E, para Herzog, esse verdade não se encontra nos aspectos literais da realidade, no mero factual. O que ele chama de “verdade extática” existe através da arte narrativa, do cinema, da música, da imagem. Não se trata de pós-verdade, como alguns podem ler em tempos de fake news. Muito pelo contrário: a verdade extática propõe a revelação de uma realidade que está além do que se vê e se mede, uma verdade que se encontra na transcendência e no sublime, e que nos oferece uma compreensão mais profunda da condição humana e da natureza – dos colonizadores espanhóis e dos pinguins.
Talvez por isso Herzog tenha tanta raiva de qualquer coisa “new age” – era engraçado vê-lo reagir aos curtas-metragens feitos com a participação de um pobre xamã na oficina. Se gurus esotéricos costumam buscar algum tipo de harmonia interior, uma integração pacífica com o cosmos, a verdade extática vai na direção contrária. Ela nos desafia com outro tipo de vertigem: observar e reconhecer o caos imanente que nos cerca, a nossa insignificância na imensidão da natureza e do universo, as nossas contradições mais íntimas. O êxtase aqui não é curativo, mas desestruturante.
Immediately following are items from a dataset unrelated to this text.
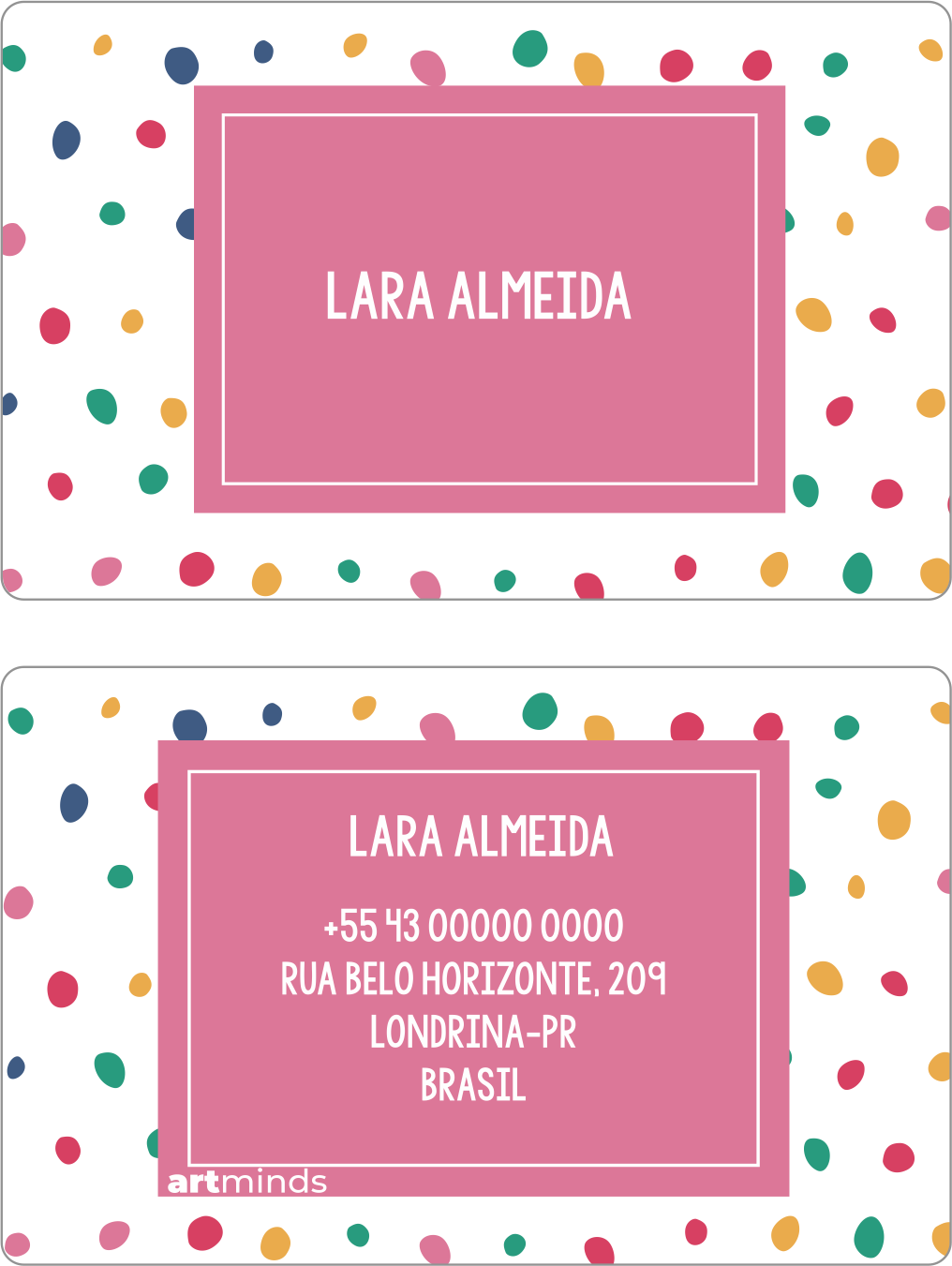 - Verso: nome, telefone, e-mail ou endereço, cidade e país (escolha as informações importantes para você, o uso de todas não é obrigatório)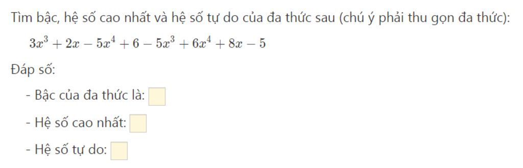 Bậc của đa thức là 4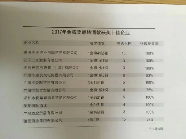 2017年第九屆金樽頒獎典禮上,《葡萄酒雜志》評選出了獲獎十家企業(yè),在這十個(gè)企業(yè)名字中,有比愛(ài)醇歷史悠久的,有比愛(ài)醇知名度高的,但是我們很驕傲,愛(ài)醇獲得3金、1銀、1銅,也是獲獎最多的進(jìn)口商!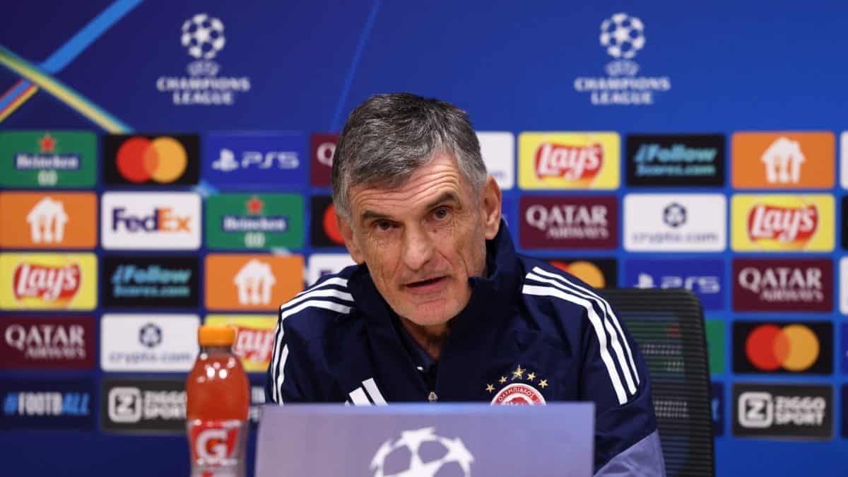 Αν είναι υπέρβαση το να περάσει ο Ολυμπιακός στην επόμενη φάση με βάση τους αντιπάλους που έχει: «Νομίζω ναι. Αν συμβεί θα είναι πολύ, μεγάλο, έχουμε παίξει με ομάδες με πολύ μεγάλα μπάτζετ και μεγάλη ιστορία. Αν βρεθούμε στις 24 ομάδες θα είναι πολύ μεγάλο. Πρώτα πρέπει να παίξουμε με τον Αγιαξ, που είναι ένας ιστορικός σύλλογος. Θα είναι ένας πολύ δύσκολος αγώνας, γιατί και εκείνοι με νίκη θα έχουν μικρές ελπίδες πρόκρισης».
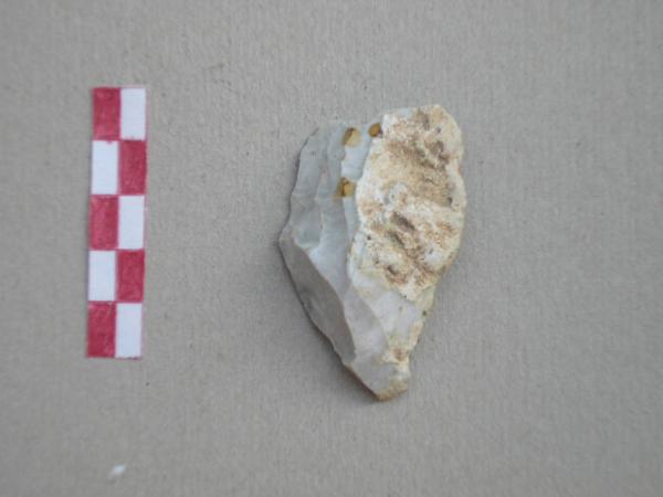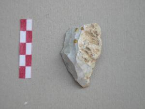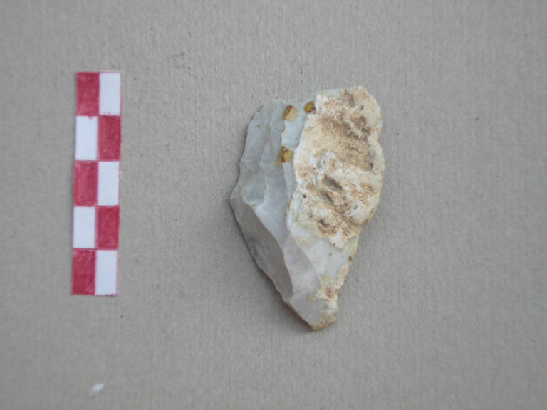 scheggia di preparazione di nucleo, in selce di colore beige, ricoperta per i 2/3 della superficie da patina bianca e per la parte restante dal cortice. sono visibili stacchi di lame.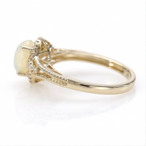 Средние характеристики: опал белый, размер: 6x8 мм, огранка Овал; круглый бриллиант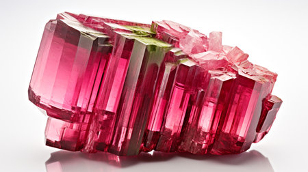 Front view of shining bright tourmaline gemstone illustration on a white light background. Generative AI illustration.

Foi espetacular observar como essa quebra de estrutura que está na raiz do trabalho do Herzog não é apenas simbólica, mas se traduz nos métodos de produção que ele apresenta, e que foram utilizados por alguns dos participantes da oficina. Mas sobre isso ainda escreverei mais pra frente.
TURMA NOVA OFICINA
Enquanto não consigo parar para criar um módulo II da oficina que comecei a oferecer lá em 2021, décadas atrás, em tempos ainda de confinamento, sigo melhorando e ampliando esse primeiro módulo, agora reforçado com algumas anedotas e histórias recentes dessa oficina do Herzog. Nesse post há mais informações:
2025
Já tenho um convite confirmado para 2025. Essa mesa no SXSW, em Austin, Texas:
Vamos falar muito sobre o trabalho fundamental da Media Defence, a ONG inglesa que salvou meu pescoço bancando uma defesa tão complicada que nem a defensoria pública aceitou pegar, pois não teria como chegar em todas as pequenas cidades onde fui processado. Falaremos também sobre o novo entendimento do STF sobre assédio jurídico, baseado no meu caso.
Mas estou especialmente animado porque pretendo usar a oportunidade para exibir um teaser do meu segundo longa-metragem, um road movie que tem como ponto de partida a história dos 144 processos. Comecei a rodar no 7 de setembro de 2022, em Copacabana, no meio da micareta neo-fascista promovida por Bolsonaro, e depois viajei pelos cinco cantos do país procurando alguns dos pastores que me processaram - conversando com muitas outras pessoas evangélicas pelo caminho. Estamos nos finalmentes do processo de edição e, se tudo der certo, em 2025 esse filme profundamente religioso, íntimo, colorido e musical começará a existir em público. Vai ser uma doideira doida.
Enquanto isso, eu trabalho no livro que vai sair depois. Conectado ao filme, mas que conta outra parte da história. E escrever esse romance acaba tendo muito a ver com o que Herzog fala quando fala de verdade: às vezes, para chegar a ela, precisamos recorrer à ficção.